Reproduce word for word the lines between the one containing "APHOME Toples Kaca" and the end of the entries below, both inclusive; leave out pictures.

-- Input material follows --

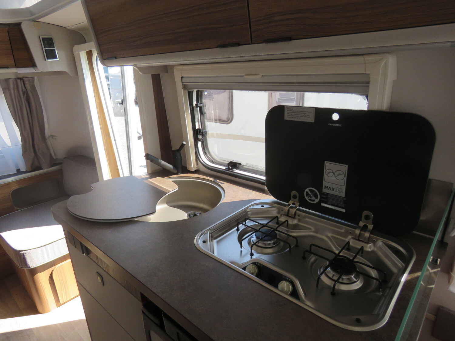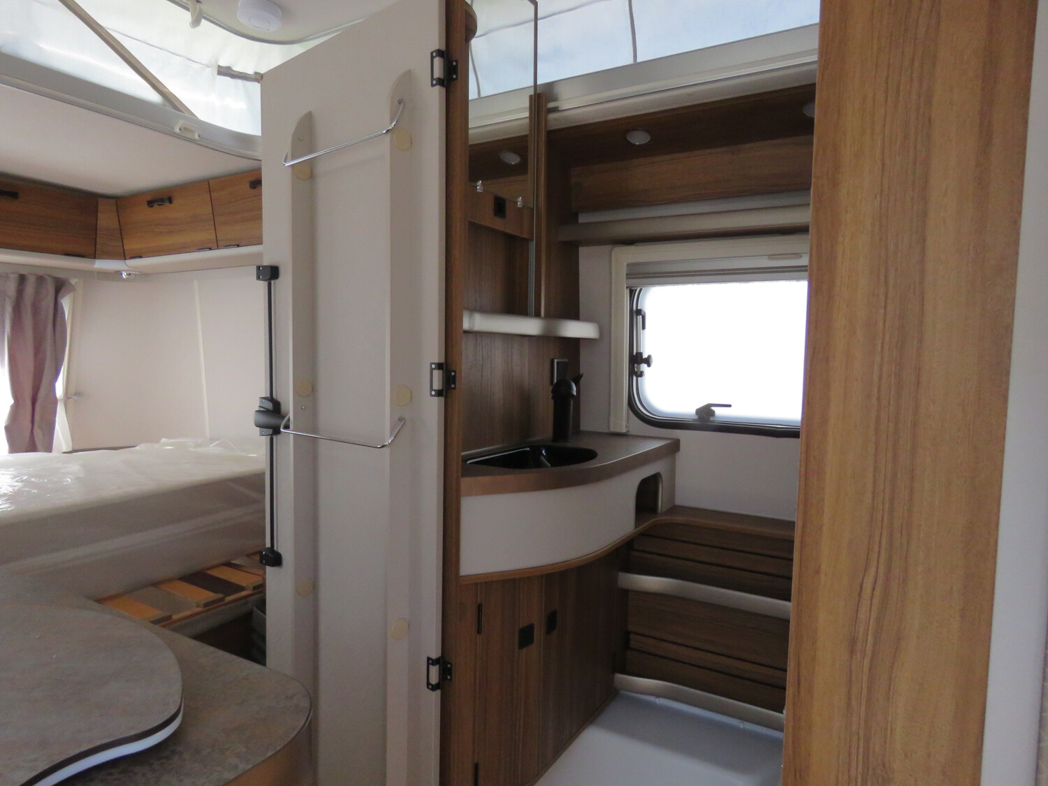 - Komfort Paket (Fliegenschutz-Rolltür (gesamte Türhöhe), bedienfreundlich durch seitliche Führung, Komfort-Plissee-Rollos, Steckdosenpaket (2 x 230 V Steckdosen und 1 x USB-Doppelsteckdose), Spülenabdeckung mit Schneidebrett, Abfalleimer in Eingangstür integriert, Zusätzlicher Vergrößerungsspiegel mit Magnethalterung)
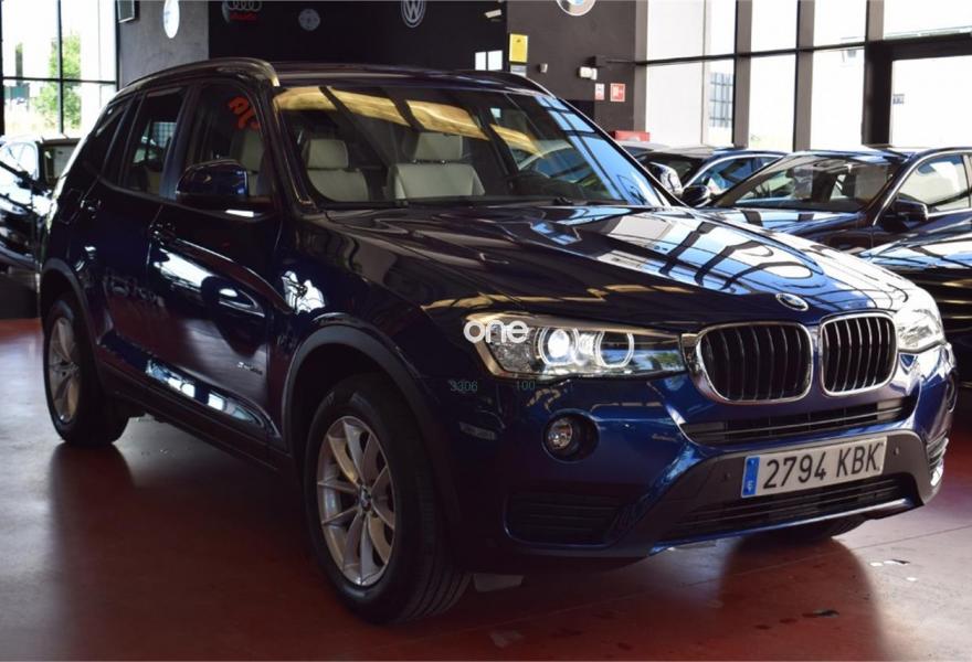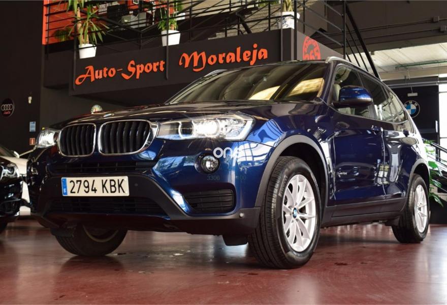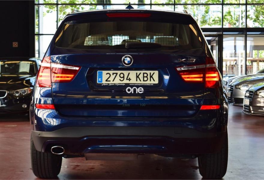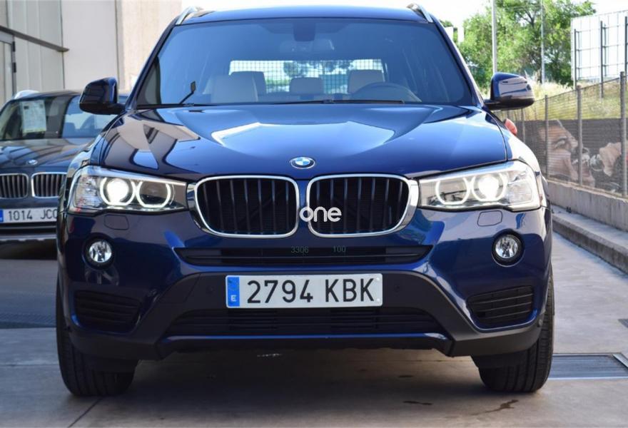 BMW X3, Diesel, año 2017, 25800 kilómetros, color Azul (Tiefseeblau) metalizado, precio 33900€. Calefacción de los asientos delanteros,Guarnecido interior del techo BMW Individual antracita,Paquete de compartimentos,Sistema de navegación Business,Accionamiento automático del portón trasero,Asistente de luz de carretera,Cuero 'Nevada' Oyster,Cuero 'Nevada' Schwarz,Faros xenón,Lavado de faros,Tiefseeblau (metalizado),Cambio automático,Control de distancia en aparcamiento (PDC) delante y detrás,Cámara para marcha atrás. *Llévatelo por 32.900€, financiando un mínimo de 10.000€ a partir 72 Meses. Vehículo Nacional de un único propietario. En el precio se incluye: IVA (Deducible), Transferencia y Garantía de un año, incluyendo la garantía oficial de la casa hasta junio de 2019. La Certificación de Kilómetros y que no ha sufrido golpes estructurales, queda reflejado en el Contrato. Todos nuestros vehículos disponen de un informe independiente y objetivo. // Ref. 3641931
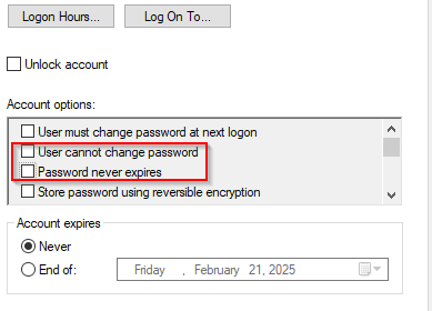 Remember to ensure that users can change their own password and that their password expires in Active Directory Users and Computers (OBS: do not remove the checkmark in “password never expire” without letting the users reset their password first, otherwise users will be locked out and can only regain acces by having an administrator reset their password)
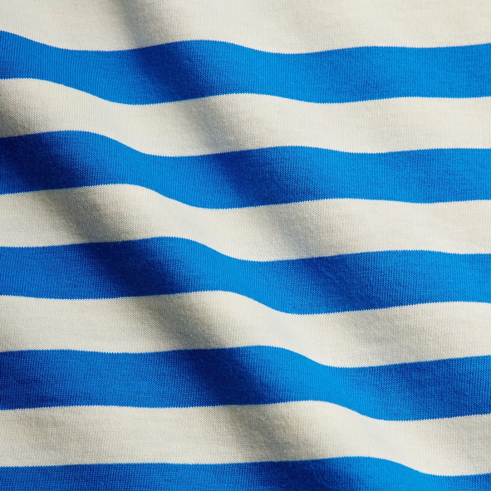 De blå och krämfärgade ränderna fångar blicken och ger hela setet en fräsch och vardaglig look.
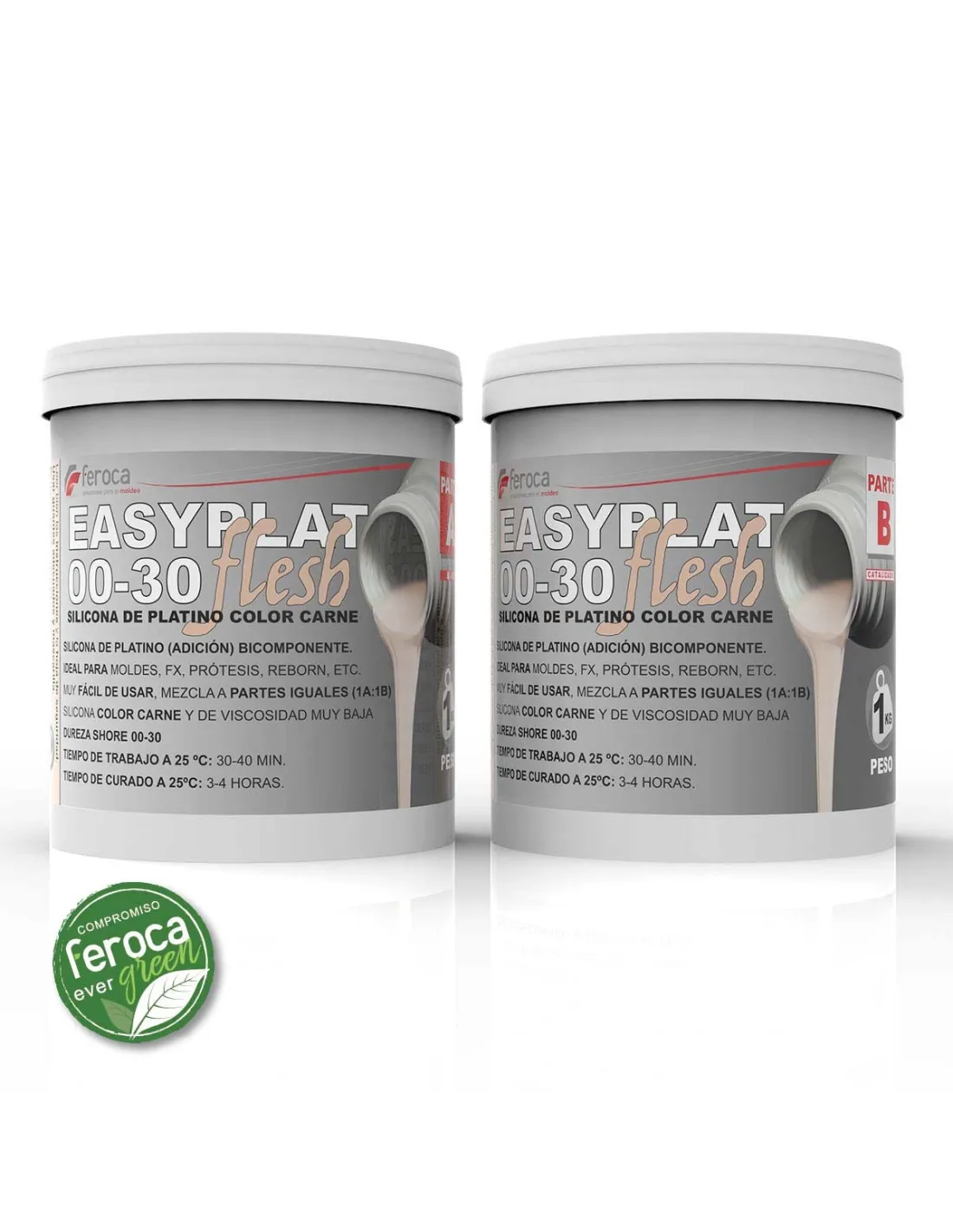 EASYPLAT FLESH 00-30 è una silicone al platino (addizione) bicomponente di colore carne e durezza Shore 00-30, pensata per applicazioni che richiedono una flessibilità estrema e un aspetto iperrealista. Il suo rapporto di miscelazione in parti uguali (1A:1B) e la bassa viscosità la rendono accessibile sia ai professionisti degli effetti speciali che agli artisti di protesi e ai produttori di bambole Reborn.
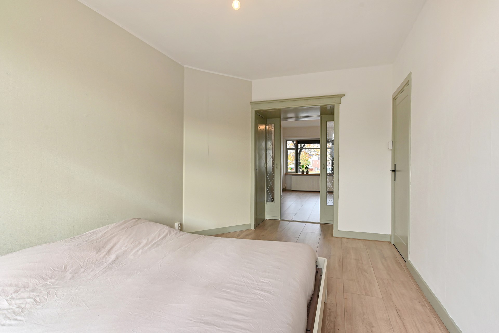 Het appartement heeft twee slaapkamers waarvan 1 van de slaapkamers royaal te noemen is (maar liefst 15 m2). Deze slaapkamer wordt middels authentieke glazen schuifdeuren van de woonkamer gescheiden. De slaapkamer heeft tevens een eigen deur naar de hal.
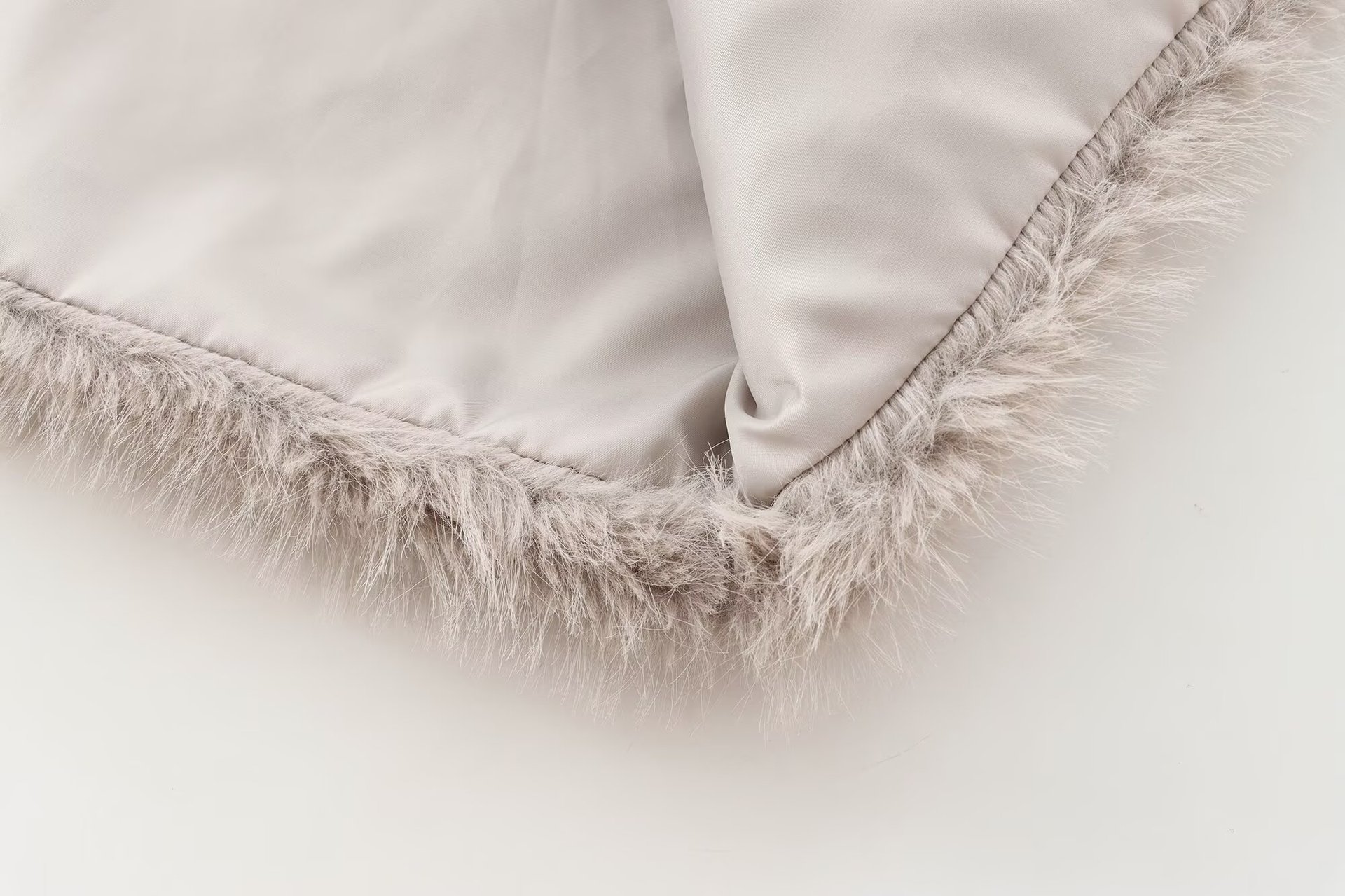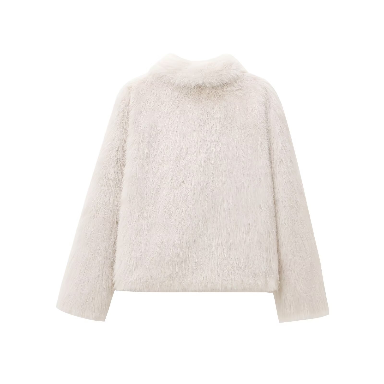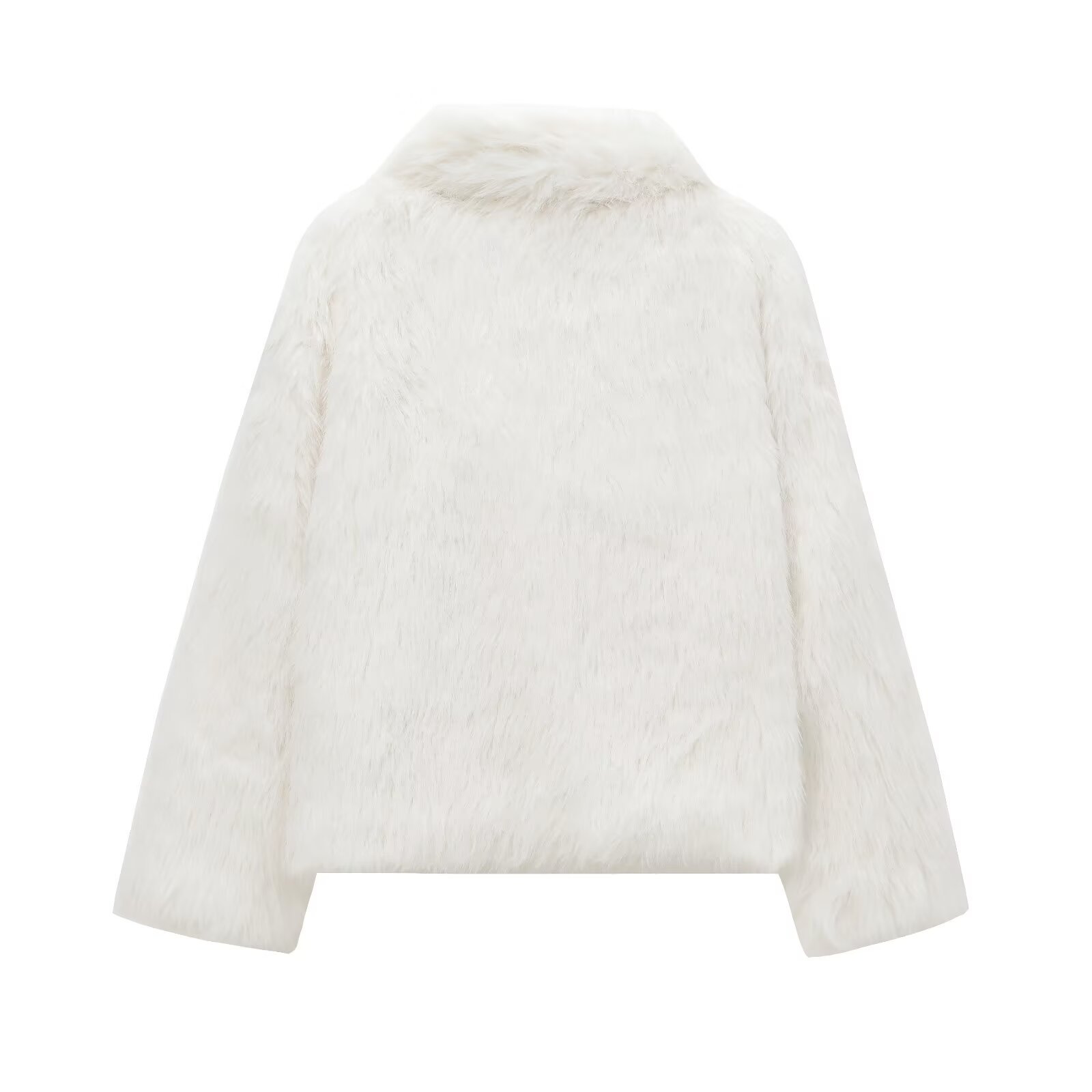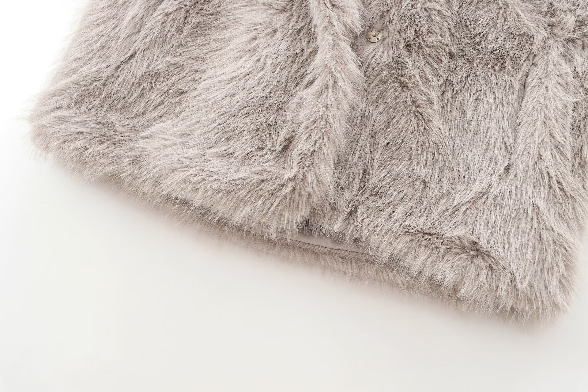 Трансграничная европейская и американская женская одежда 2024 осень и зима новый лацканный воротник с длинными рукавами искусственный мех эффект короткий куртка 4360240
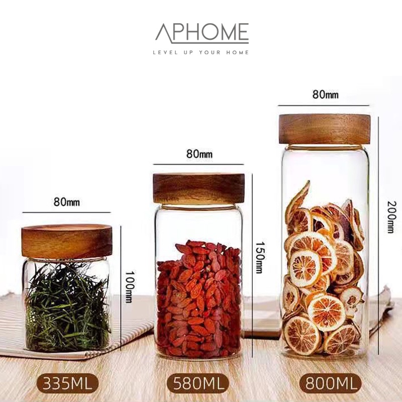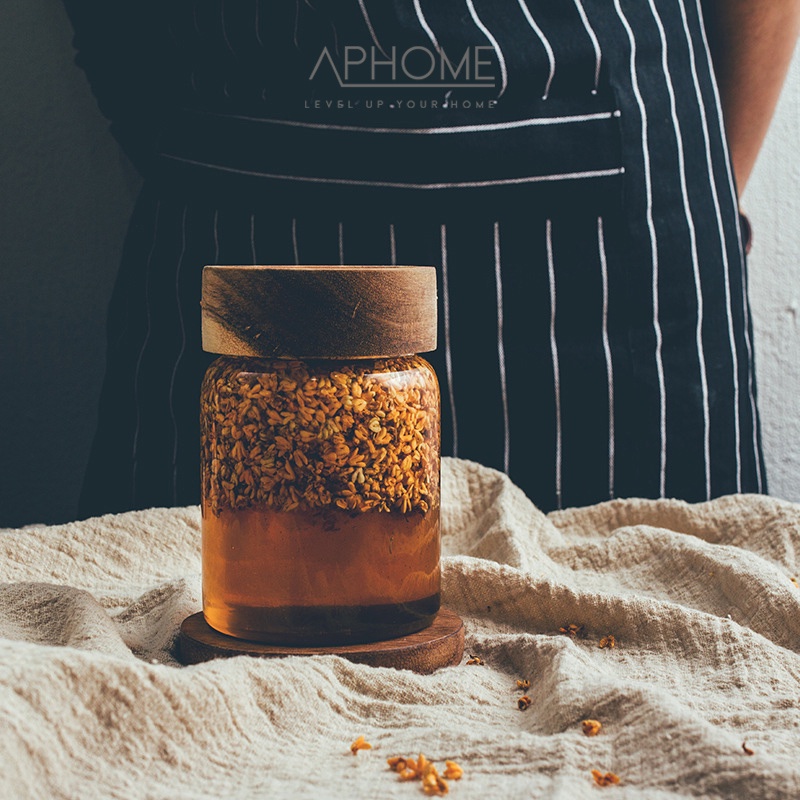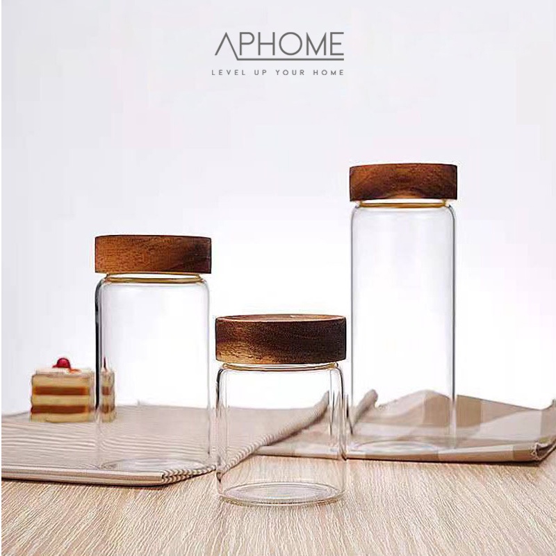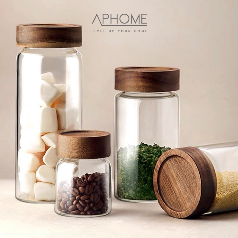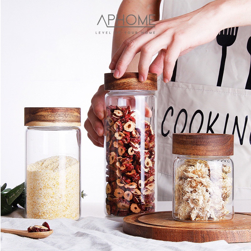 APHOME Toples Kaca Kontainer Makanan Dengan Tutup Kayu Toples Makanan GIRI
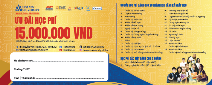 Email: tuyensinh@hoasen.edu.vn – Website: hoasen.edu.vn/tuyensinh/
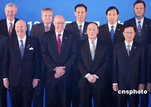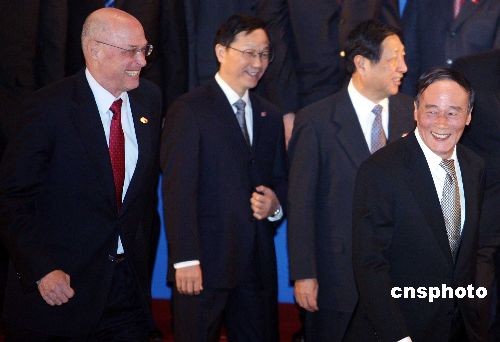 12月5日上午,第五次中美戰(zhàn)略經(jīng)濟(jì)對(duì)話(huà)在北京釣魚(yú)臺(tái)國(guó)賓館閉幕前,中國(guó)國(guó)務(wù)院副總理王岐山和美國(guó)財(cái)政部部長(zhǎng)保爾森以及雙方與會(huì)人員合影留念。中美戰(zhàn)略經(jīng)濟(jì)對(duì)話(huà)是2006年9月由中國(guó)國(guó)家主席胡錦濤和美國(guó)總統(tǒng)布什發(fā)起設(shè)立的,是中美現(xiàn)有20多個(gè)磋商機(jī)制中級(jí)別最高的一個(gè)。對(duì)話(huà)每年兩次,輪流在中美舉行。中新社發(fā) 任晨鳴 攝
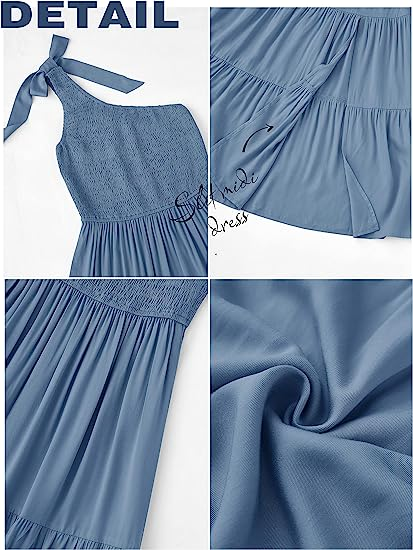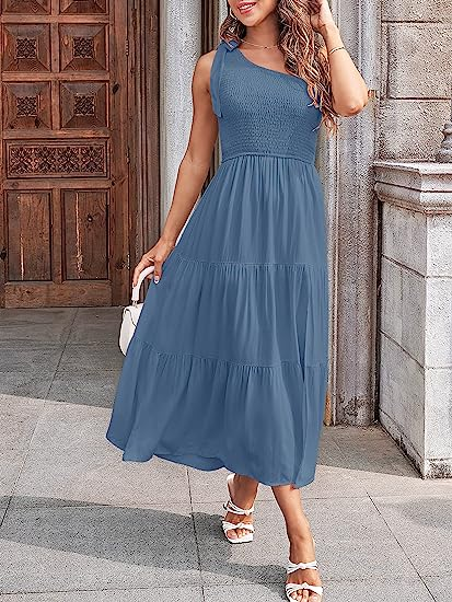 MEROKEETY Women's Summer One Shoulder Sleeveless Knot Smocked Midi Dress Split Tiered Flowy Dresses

-- Input material concluded --

Answer for the task:
 APHOME Toples Kaca Kontainer Makanan Dengan Tutup Kayu Toples Makanan GIRI
 Email: tuyensinh@hoasen.edu.vn – Website: hoasen.edu.vn/tuyensinh/
 12月5日上午,第五次中美戰(zhàn)略經(jīng)濟(jì)對(duì)話(huà)在北京釣魚(yú)臺(tái)國(guó)賓館閉幕前,中國(guó)國(guó)務(wù)院副總理王岐山和美國(guó)財(cái)政部部長(zhǎng)保爾森以及雙方與會(huì)人員合影留念。中美戰(zhàn)略經(jīng)濟(jì)對(duì)話(huà)是2006年9月由中國(guó)國(guó)家主席胡錦濤和美國(guó)總統(tǒng)布什發(fā)起設(shè)立的,是中美現(xiàn)有20多個(gè)磋商機(jī)制中級(jí)別最高的一個(gè)。對(duì)話(huà)每年兩次,輪流在中美舉行。中新社發(fā) 任晨鳴 攝
 MEROKEETY Women's Summer One Shoulder Sleeveless Knot Smocked Midi Dress Split Tiered Flowy Dresses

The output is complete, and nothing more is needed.